Had much snow in Iowa this past winter and I didn't lose a minute of programming with DirecTV.


----------



## AntAltMike (Nov 21, 2004)

Unfortunately, as DBS satellite TV has lost its novelty and become "cable on a stick", there are just too few subscribers interested in reporting their outage histories to allow us to meaningfully evaluate testimonials regarding rain outages.

With DBS Ku band CONUS, "core" signals, DISH Network points its 119 degree beam at New Jersey, whereas DirecTV points its 101 degree beam at the middle of the country, so I think the Northwest region gets short changed by both targeting schemes, but the rain density in the Southeast always made that the region most likely to lose its signals from either source. Just about everywhere, the 101, 110 and 119 Ku band local spot beams were always reported to be the last signals lost during heavy rain everywhere, but I have not seen enough rain fade reports of Ka band spot beam signals to know how those might compare to Ka band CONUS, Ku CONUS or Ku spotbeam outages.


----------



## BenJF3 (Sep 12, 2008)

Bottom line is that no matter what provider you have, even with perfect dish alignment, you will experience signal fade with certain weather conditions.


----------



## Blaze (Jun 9, 2010)

richart53 said:


> I have been away from satellite TV for many years but had Dish many years ago (prior to local stations being available). Here in the Atlanta, GA area rain fade was a problem at that time. I know there are many more satellites up there now and different elevation angles plus newer equipment. Is rain fade still an issue? Does one provider have an advantage over the other? Or are different satellites affected differently? I am thinking of making the switch from Comcast to one of the satellite providers.
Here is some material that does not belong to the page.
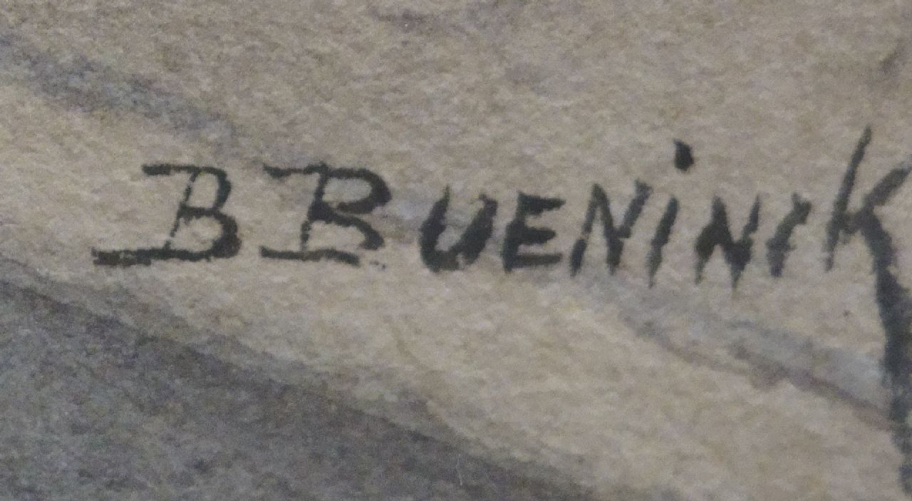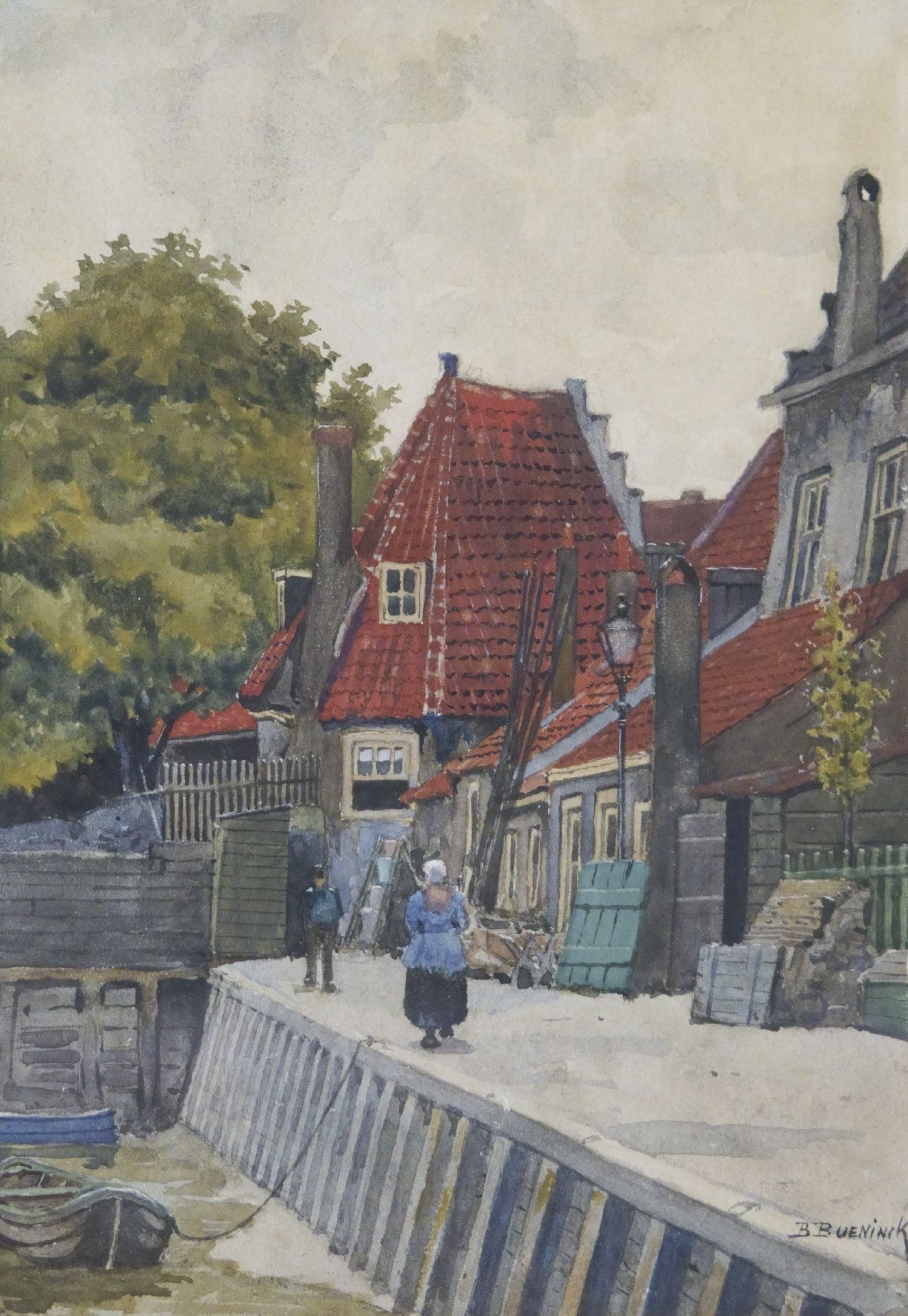 De schilder-tekenaar Bernard Bueninck vestigde zich in 1894 vanuit Vorden in Groningen, waar hij tekenleraar werd aan de gemeentelijke HBS. Naast zijn vrije werk – landschappen, portretten, havengezichten – kreeg hij in de daaropvolgende jaren ook bekendheid met de platen die hij schilderde voor het aardrijkskundig onderwijs: veelal panoramische landschappen, rivier- en havengezichten in vogelvlucht neergezet. Tussen 1900 en 1925 werkte hij in opdracht van de Groningse uitgeverij J.B. Wolters mee aan de beroemde wandplatenserie Nederland in woord en beeld.

I have Directv since 1995-1996, The only issues i have on rain rade is when Houses fall out of the Sky..:lol:

Which only Last's around 5-10 minutes i don't have any HD dish only the 18"Round i believe this is the MPEG2.


----------



## James Long (Apr 17, 2003)

"Rain Fade" vs "No Rain Fade"








I would have bet that it was a different branch in the way, but cutting down this one doubled my signal strength to that satellite. Add a little water to those leaves and blow them around and I got "rain fade" ... not really caused by the rain but an existing problem that was more noticeable when it rained.

In previous years the only time I noticed rain fade were at times where I probably should have been in the southwest corner of the basement - not watching TV. This year that branch grew into the picture (and likely drooped down when wet, full of berries and with some storm damage to the tree).


----------



## jimmyv2000 (Feb 15, 2007)

Ira Lacher said:


> Had much snow in Iowa this past winter and I didn't lose a minute of programming with DirecTV.


Snow isn't an issue for me in NH
we get pleny of that,
Summer time *THUNDERSTORMS* are the issue between june and september


----------



## markfp (Mar 9, 2010)

I live in Upstate New York where some winters we get almost 200 inches of snow and in almost twelve years with DirecTV I've never had snow related signal problem. 

We might get two or three rain fade issues a year, but usually they're very brief. We actually had one just this afternoon during a really wild thunderstorm and the signal was out for no more than five minutes. I think that was the first time it's happened since sometime last fall.


----------